Кроме биологии Натан имел часы географии, а также вёл факультатив ксенозоо для десятых и одиннадцатых классов — за дополнительную плату. На факультатив ходило восемь задротов, четыре самочки и четыре самца, среди которых затесался феномен — баскетболист Толик, отнюдь неглупый, крепкий и долговязый парень, давно прекративший все подъёбки в свой адрес и даже защищавший остальных, мелких и хилых факультативщиков. Поступать они все планировали на ксенозоологов, Натан раздобыл программу вступительных экзаменов и понемногу натаскивал свой маленький кружок по интересам. В итоге, в плане финансов школьные заработки почти устраивали, особых трат они с женой не делали, даже кое-что собрать удалось.

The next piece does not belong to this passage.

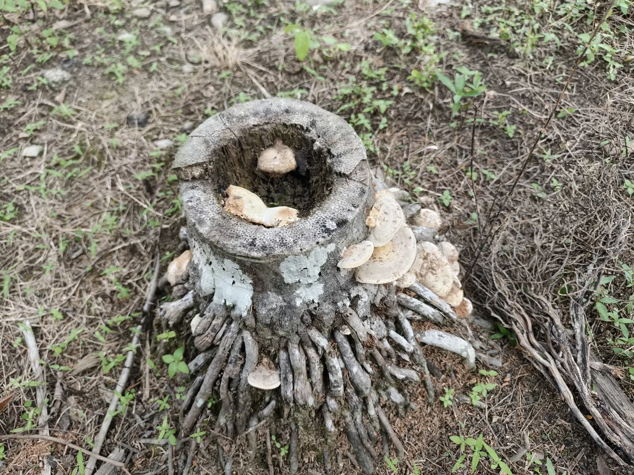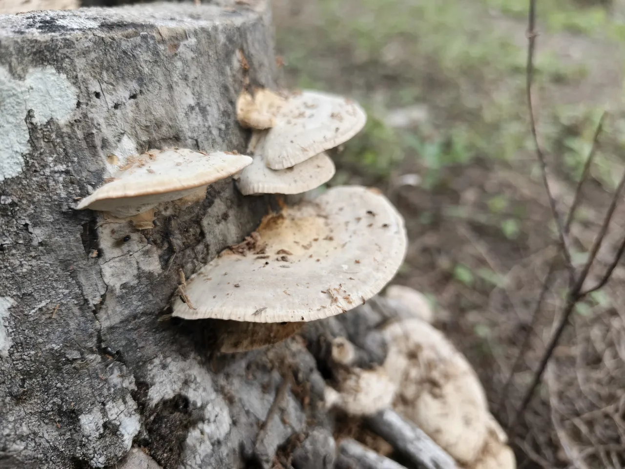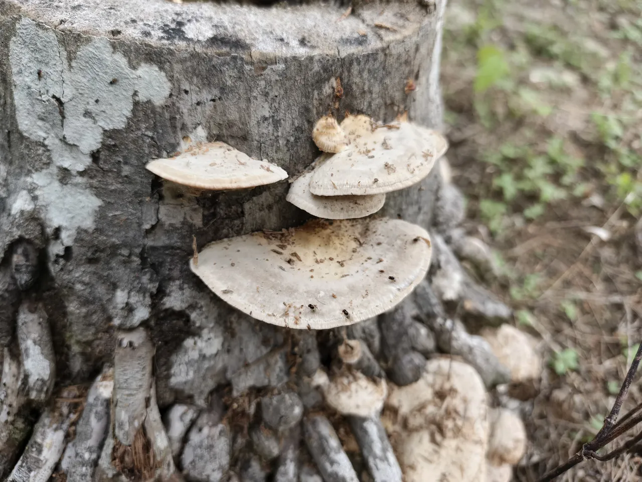 This time, I would like to share some pictures of mushrooms. It's been raining in my area for the past few days, but finding mushrooms in the wild is a bit difficult due to the recent rainy season. The mushrooms I found and share in this meeting grow independently of the rainy season, growing on a felled areca nut tree that is starting to rot. Their texture is a bit hard when I hold them, and they grow in groups, as I see.

Анастасии, ему думалось, тоже нравился их скромный, но отлично налаженный преподавательский быт. Мебель обновили, как и ремонтец, у каждого было по машине — жили как все. По крайней мере, ничего не предвещало большого семейного говна. Наоборот, планировали в осенние каникулы слетать куда-нибудь в приятное и доступное место, погреть свои прекрасные задницы на южных берегах и сжечь мелкую задницу Костика, потому что тот, очень белокожий от природы, непременно сгорал в первый же день, сколько его не мазали и не прятали от солнца родители, а под конец отпуска любил блевануть от непривычной местной пищи. Тёща сказала, что малой перерастёт эти неприятные моменты, как переросла в своё время его мамочка. На крайняк ребёнка можно было оставить ей и смотаться вдвоём, как жена в прошлом году и хотела, но Натану очень нравилось проводить время с сыном, и он отказался.

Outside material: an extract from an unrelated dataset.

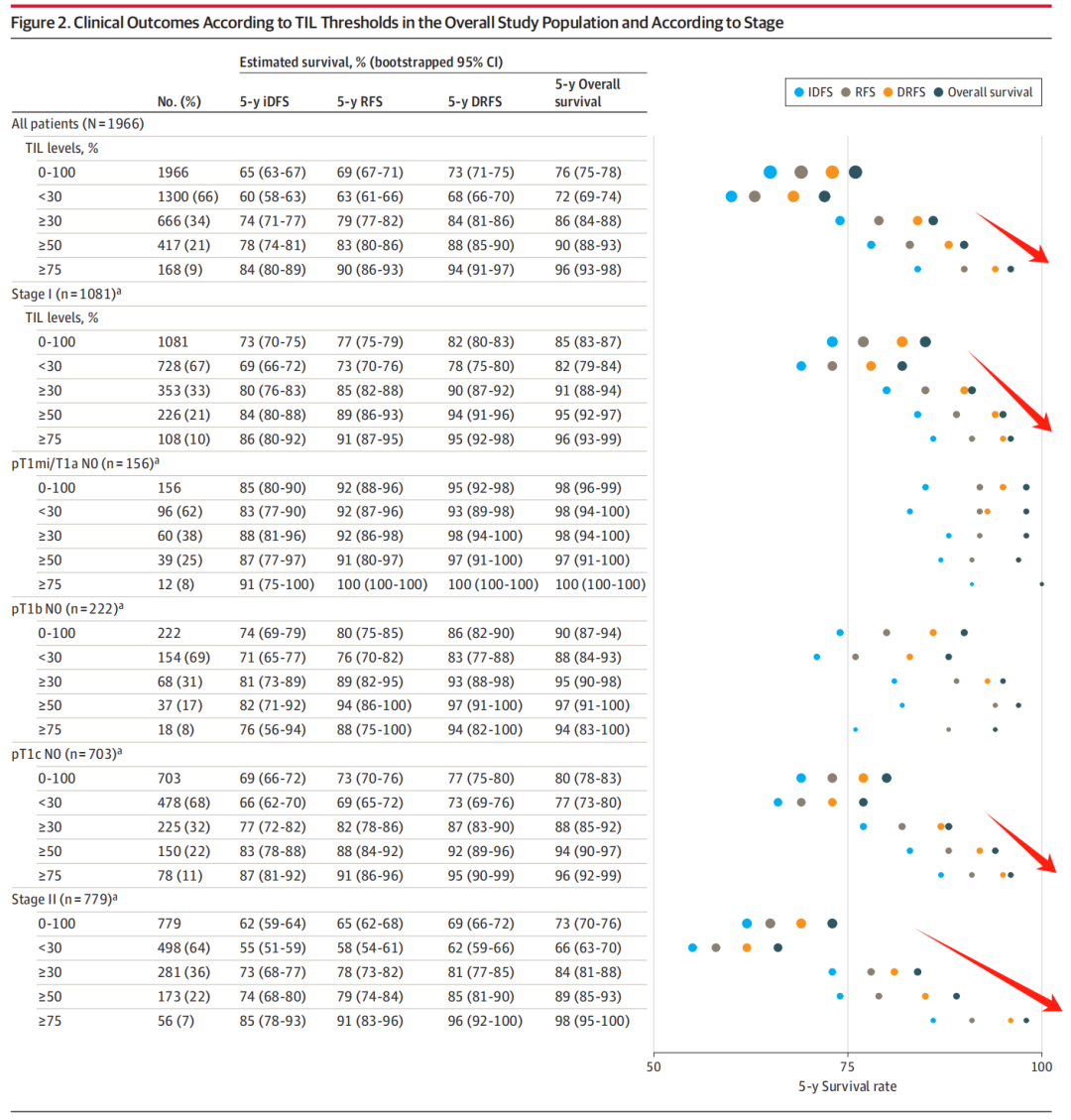 在1966例患者中包含779例Ⅱ期TNBC患者,Ⅱ期TNBC患者的5年iDFS率为62%(95%CI,59%-64%),RFS率为65%(95%CI,62%-68%),DRFS率为69%(95%CI,66%-72%),总生存率为73%(95%CI,70%-76%)。特别值得指出的是,TIL水平≥75%的56例患者5年iDFS率为85%(95%CI,78%-93%),RFS率为91%(95%CI,83%-96%),DRFS率为96%(95%CI,92%-100%),总体生存率为98%(95%CI,95%-100%)。

В живом уголке школы рос небольшой цефалот, это был уже второй цефалот, на которого скидывались всем факультативом, потому что первый у юных биолухов сдох — кто-то хохмы ради скормил ему растворимую таблетку аспирина. Виновного так и не нашли, что было даже хорошо, потому что спортивный Толик собирался свернуть ему шею. Подозрительных хулиганов он вылавливал по одному и зажимал где придётся, но каждый из пойманных клялся и божился, что к аспирину ни сном, ни духом непричастен. В общем, дети оплакали бренное тело питомца, вскрыли его под присмотром Натана и купили нового, за кормом и водой которого теперь пристально следили.

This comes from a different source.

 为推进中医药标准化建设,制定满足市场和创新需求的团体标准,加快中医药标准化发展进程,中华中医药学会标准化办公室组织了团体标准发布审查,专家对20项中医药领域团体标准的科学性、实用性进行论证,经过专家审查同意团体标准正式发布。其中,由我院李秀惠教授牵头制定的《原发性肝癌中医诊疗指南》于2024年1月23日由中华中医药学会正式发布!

Натан как раз подменивал воду в его аквариуме, мини-пылесосом убирая грязную со дна, и доливая чистую, отстоянную, когда загудел наручный комп. Звонила жена. Не прекращая своих занятий, Натан нажал приём и вывел изображение на стену.
— Привет, — сказала голографическая Настя.
— Хай, — откликнулся Натан. — Я скоро закончу и приду. Ты Костика из сада забрала?
— Нет, — сказала жена. — Я ухожу.
— Когда вернёшься? — спросил Натан.
— Я не вернусь, — ответила жена.
Натан рассмеялся, выключая пылесос, но голографическое любимое лицо на экране не улыбнулось в знак шутки.
— Что значит ухожу? — Натан, всё ещё ничерта не понимая, вытер руки полотенцем.
Настя помолчала.
— Я тут встретила кое-кого, — сказала она затем.
Натан глупо таращился на неё, всё вытирая и вытирая руки, пока не растёр до красноты.
— Костик? — спросил он.
— Останется с тобой, — голографическая жена отвернулась. — Так будет лучше.
Уже потом, гораздо позже, накануне развода Натан узнал, что новый избранник его жены был отягощен каким-то несусветным капиталом, открывающим поистине невероятные горизонты, к которым Анастасия и устремилась на всех парусах подобно яхте, согласившись на единственное условие — никаких детей от первого брака. Вот Натана с Костиком и выбросила из своей жизни. Обрубила якоря, так сказать.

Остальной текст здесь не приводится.